Classic bread stuffing consists mainly of bread, sage, celery and onions, mixed together, stuffed in the clean cavity of a turkey, hen, fowl or any combination of all or more and roasted within and with the cooking of the bird. But as I mentioned before, there are as many varieties of stuffing as there are feathers on a turkey! Here are some to ponder: Oyster Stuffing from Louisiana; Wild Rice Stuffing from Minnesota; Pennsylvania Dutch Potato Stuffing; Urban Cuisine with Truffles, Chestnuts, Pancetta, Dried Fruits; Southwestern Style with Green Chiles and Blue Cornbread; Caribbean with Chick Peas and Rice; and of course Cornbread, Bourbon and Pecan from Kentucky (see recipe below!)

Personally, I think the only way to cook stuffing is in the bird. You really can’t mimic the infusion of flavor that the bird itself lends to the dish. However, the FDA does not recommend this method for the reasons we discussed above. You decide which way you feel most comfortable. Leftover stuffing makes a great bottom for that classic Thanksgiving leftover, The Hot Brown. It also can be frozen in smaller portions and served again! It’s a wonderful reminder of the special meal we all savor on Thanksgiving Day!

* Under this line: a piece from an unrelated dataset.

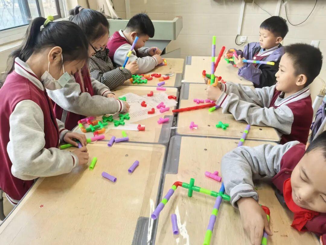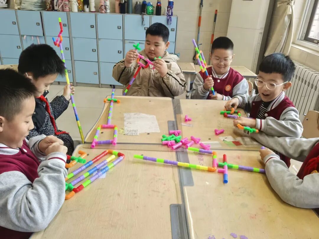积木实践活动更是点燃学生热情,彩色管道积木在桌上铺开,大家快速动手拼接组合,有的搭出高耸的“魔法棒”,有的拼出曲折的“小迷宫”,课堂上满是积木拼接的“咔嚓”声与欢快的笑声,在动手实践中锻炼了逻辑思维能力。

Both recipes are for a 10 lb. bird.

Basic Bread Stuffing
½ Lb. Butter
1 C. Finely chopped Shallots, Green Onions, or Sweet Yellow
1 C. Finely chopped Celery
8 C. Fresh Bread Crumbs or Cubes, crust and all (I prefer to make these a day
in advance and let sit out to stale… toss them occasionally to help
them dry out a bit
2 T Rubbed Sage
1 T Dried Whole Leaf Thyme
1 C Chopped Italian parsley
Salt and Pepper to taste
Sauté onions and celery in butter. Remove to large mixing bowl. Add remaining ingredients . Toss well. If baking on the side, dampen with 1 C chicken stock
Any or All Additional Ingredient Options:
*Add 1 Lb. cooked ground pork sausage
*Add 1 pint oysters with liquor (decrease or omit chicken stock)
*Add 1 C. canned, drained chestnuts
*Replace ½ chicken stock with Cognac

Makers Mark Kentucky Corn Bread and Bourbon Stuffing with Pecans
10 T Butter
1 ½ C Finely Chopped Sweet Onions
1 Lb. Spicy Pork Sausage
8 C Crumbled Yellow Cornbread (follow directions above to prep day ahead)
2 T Sage
2 T Dried Whole Leaf Thyme
¼ C. Chopped Parsley
¾ C Bourbon
16 oz canned Wild Cherries, slightly drained and slightly chopped
1 C Dried Cherries
1 C Lightly toasted pecan halves

Saute onions in butter until pale . Remove to large mixing bowl. Brown sausage, breaking into bits. Add to onions. Deglaze pan with ¼ C bourbon. Add with remaining ingredients to bowl remembering to add the other ½ C bourbon! Taste for seasonings and stuff.